I have several large projects about history, spirit, art and understanding underway right now. I am learning a great deal as I work on them, and try to resolve the many contradictions raised, and it feels as if I am making some genuine progress in difficult understandings. I’m looking forward to sharing some of the curious results, soon. But for today I want to talk just a bit about the weirdness and difficulty many questers face, just by setting out at all.

To be clear, there are plenty of quests which are misguided, foolish and even counter productive, and anyone who is always entirely certain that they are NOT in this camp, is really tempting the Murphic forces of the universe to find some hilariously dramatic way to prove otherwise (strictly for educational purposes, of course). ;o)

It is also really important to note that not all quests take a loud dramatic attention-seeking form. Some truly heroic effects are achieved through modest patience and dedication, applied over a long period. But if you are wired up in that funny way that makes you want to do something difficult and unusual, which might help to make the world a bit better, you need to gather a few key elements together, before you can really get started.

Most importantly, you need to have enough love to be bothered. This might sound corny, but I put this one first for a reason. There are lots of people who want to change the world who do not anchor this in love. But that is really about achieving our own emotional satisfaction, often at the expense of harm done to others. An exercise in ego and cruelty is not a quest. That’s cathartic at best (and sad, too).

Confusing these two very different feelings and forces is incredibly common nowadays, I’m tempted to say that advertising works against us, but I really mean the self-advertising falsity of social media. On some low days, it feels as if the counterfeit quester is a hundred times more common than the genuine article.
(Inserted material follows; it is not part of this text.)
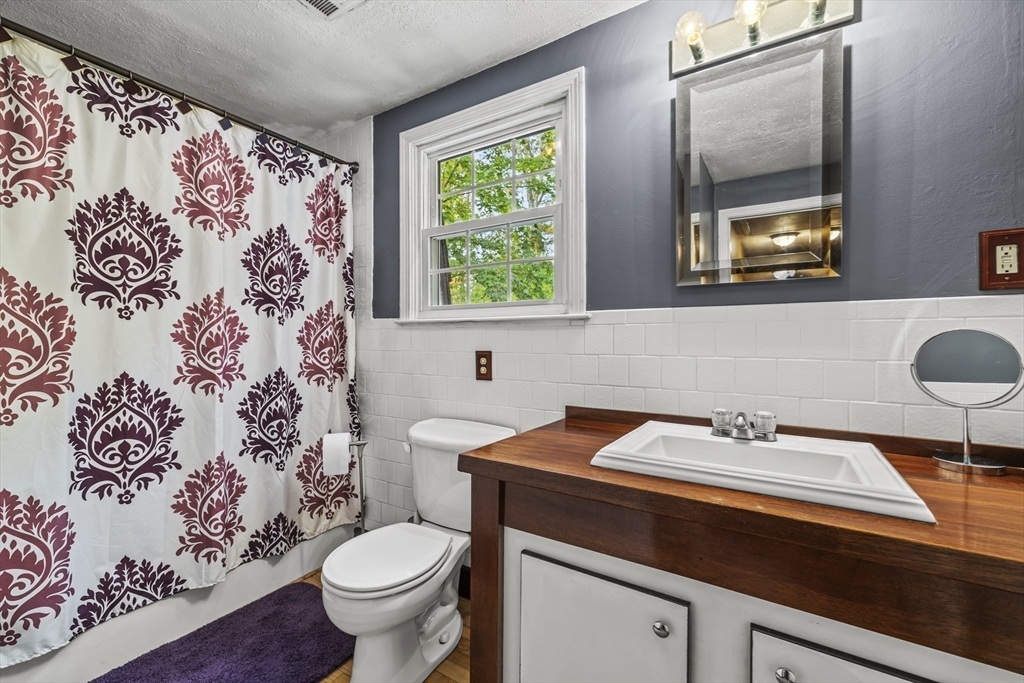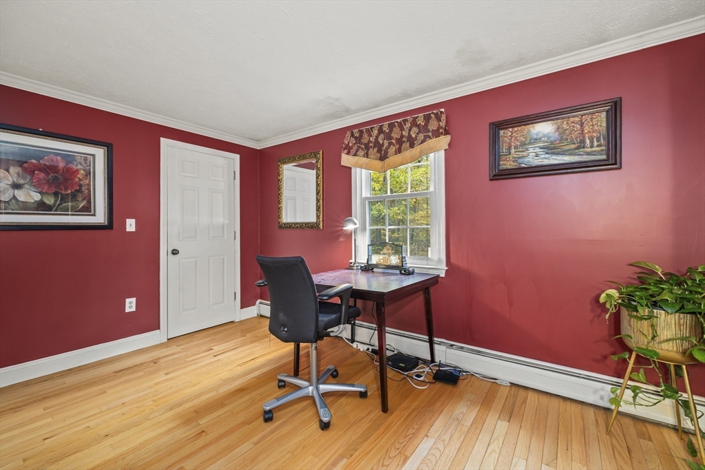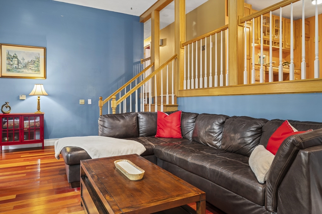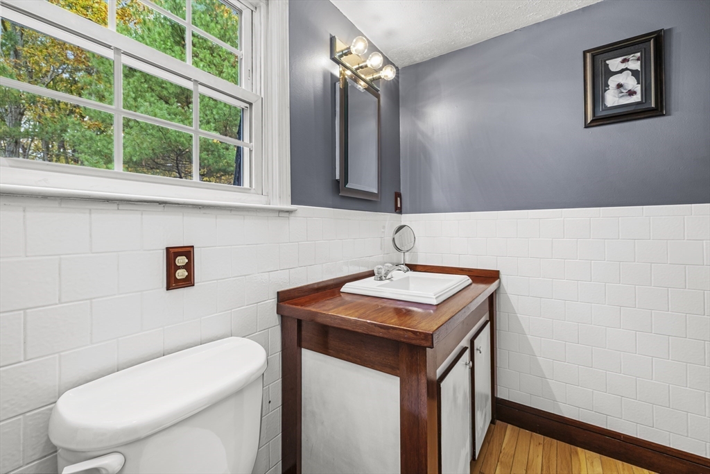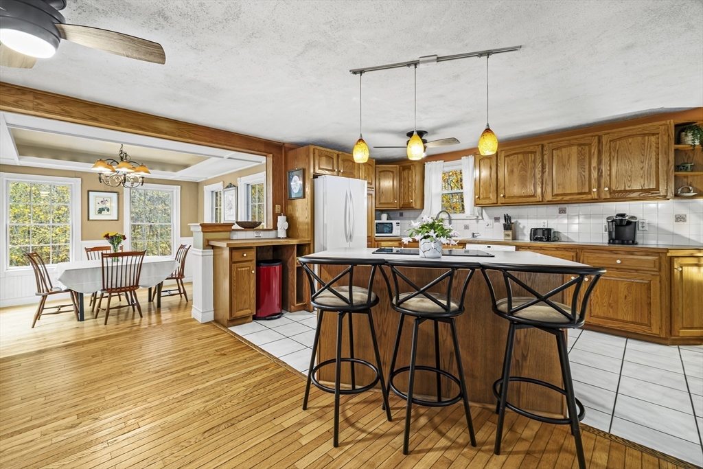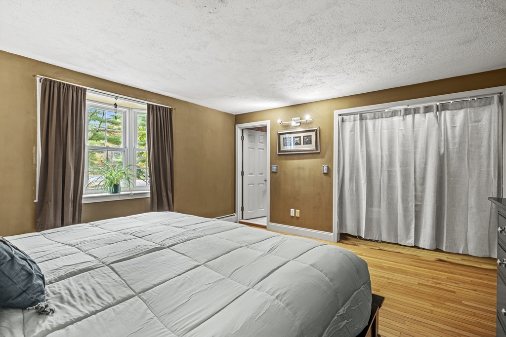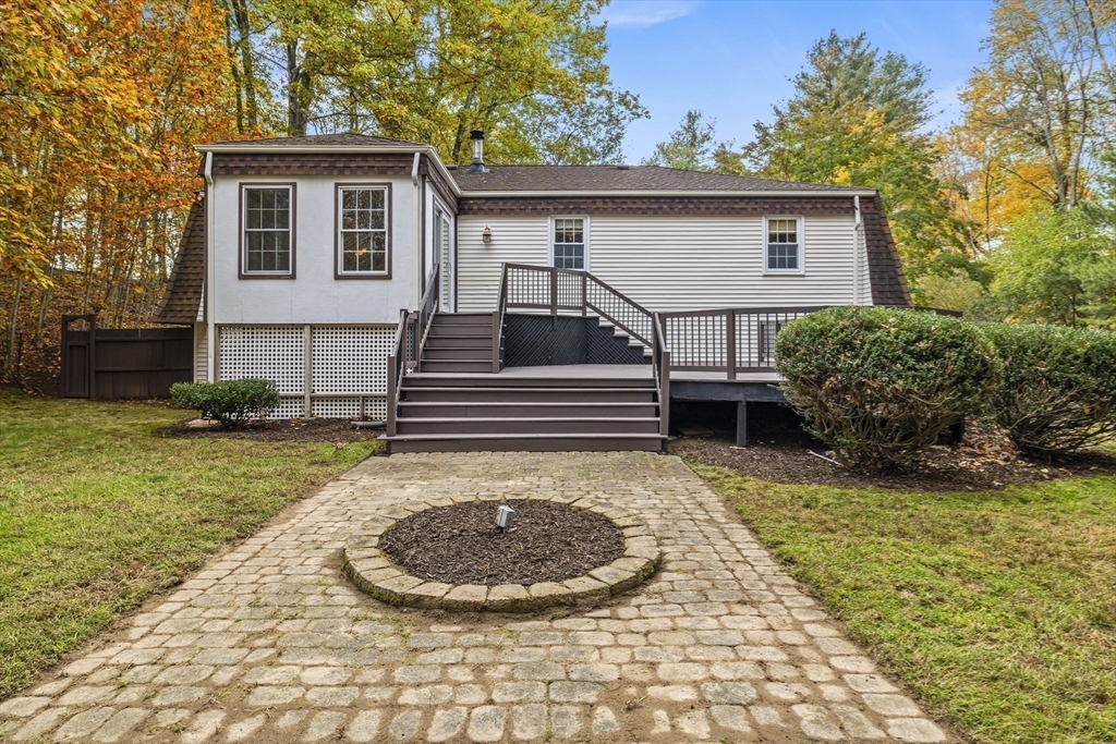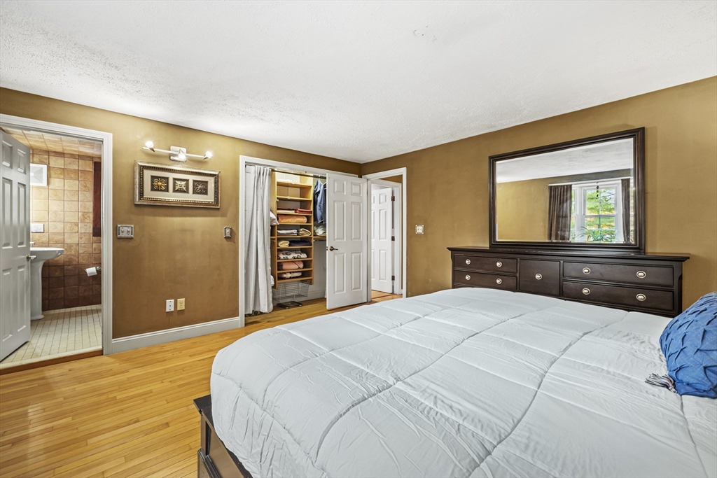 Not your average raised ranch! This custom front-to-back raised ranch offers 7 ms 4 BRs & 2 full baths, incl. a private Main BA.. Nestled at the end of a cul-de-sac & surrounded by conservation land, this home provides exceptional privacy & tranquility.The inviting entryway features double closets as you enter the living room w/floor-to-ceiling newer Andersen windows, Brazilian hardwood floors, and a cozy wood stove. The open floor plan upstairs includes a spacious kitchen with breakfast bar overlooking the liv rm & dining rm w/slider to 2-tier 500 sf deck. Down the hall are three bedrooms—all with hardwood flooring including the Main Bedroom with full BA & heated towel rack. The lower level offers a fourth bedroom, perfect for guests, an office, or flexible living space.Additional highlights include a Buderus boiler w/4 zone heat and an oversized two-car garage under. Set on a magnificent lot, this home combines comfort, craftsmanship, and a serene natural setting.
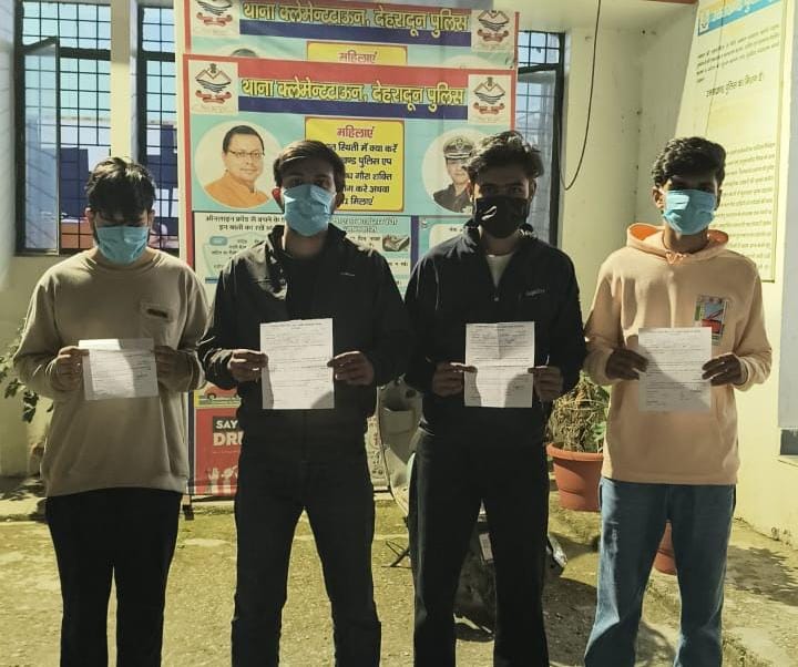 सोशल मीडिया पर वायरल एक वीडियो, जिसमें कुछ युवक क्लेमेंटटाउन क्षेत्र में सार्वजनिक स्थान पर लड़ाई झगड़ा करते हुए दिखाई दे रहे थे, उक्त वायरल वीडियो का संज्ञान लेते हुए एसएसपी देहरादून द्वारा तत्काल उक्त युवकों की तलाश कर उनके विरुद्ध आवश्यक वैधानिक कार्यवाही के निर्देश दिए गए, जिस पर थानाध्यक्ष क्लेमटाउन के नेतृत्व में टीम गठित कर त्वरित कार्रवाई करते हुए वीडियो में दिख रहे युवकों के संबंध में जानकारी एकत्र करते हुए 04 युवकों (1)-यश्वसी गौतम पुत्र श्री विनय कुमार गौतम, निवासी 150/2 कोतवाली चौराह हाथरस जिला अलीगड़ उत्तर प्रदेश (2)-वंश तोमर पुत्र वरुण तोमर निवासी तिशोतरा, जिला बिजनोर उतर प्रदेश (3)-ध्रुव शर्मा पुत्र रवि शंकर शर्मा, निवासी 1043 इन्द्रानगर कालोनी , बसंत बिहार देहरादून (4)- कृष्णा राठी पुत्र कर्मवीर राठी निवासी कृष्णा मार्केट, क्लेमेंट टाउन देहरादून को हिरासत में लिया गया, जिनके विरुद्ध आवश्यक वैधानिक कार्यवाही की गई।

But the genuine article still exists, and even though any of us might be deceived and taken-in by haters for awhile, it isn’t that hard to feel the warning undercurrent, if we check our hearts with modesty and remain steadfast lovers always.

So yes, I’m talking about love quests here, and I don’t care a bit how sappy that sounds.

Trying to make the world a little better isn’t trivial. We do this right, putting the world ahead of our emotions opinions and attitudes, or we shouldn’t do it at all, because doing it wrong just puts us back in that chaos boosting camp of narcissists, manipulators and sadists.

But having good contact with the vivid reality of our love, and having a sense of something which we might make better with some effort, are still not enough for us. We also need to feel that our effort will be understood by, or at least useful to, other people.

My younger friends will not remember a time when the left was the eternal laughing smart ass, and the right ever scowling, full of rules and categorical judgement. Nor will they have met a lot of people who believe that how you treat the people around you is way more important than which ridiculous and corrupt political sports team you favour. But these were both very normal, even in the late 20th century.

So it is important to understand that the whole idea of appealing only to our own little faction, and seeing everyone else as a dupe, an opponent, or an outright enemy, is not just socially destructive, lonely-making and bad for our metabolism (alienation just is), it again pushes us into the team of tantrum throwers who don’t care who gets hurt, instead of people whose love is more important than their anger.

In fact, if we step back and look with fresh eyes, we quickly realize that changing the world for the better HAS TO BE about learning how to respectfully and effectively address those who are not already convinced. Preaching to the choir is practise, not the big game. We’ve all had so much practise lately, we’ve almost forgotten the rules of the game itself, and lost the nerve and heart to play it anyhow.

The reason I talk so much about this ever-narrowing faction trap is that our senses have become badly distorted by electronic media, which amplifies some signals, dampens others, and channels most of our arguments into a format where both sides are importantly wrong and also completely unwilling to listen – all of which serves no one but that same American oligarchy which has grown grotesquely fat off two straight decades of using this internal division to cover continuous overseas warfare by corporate subcontract, and regrets absolutely none of it – not one shareholder dollar, lost hope, wasted chance, or innocent corpse.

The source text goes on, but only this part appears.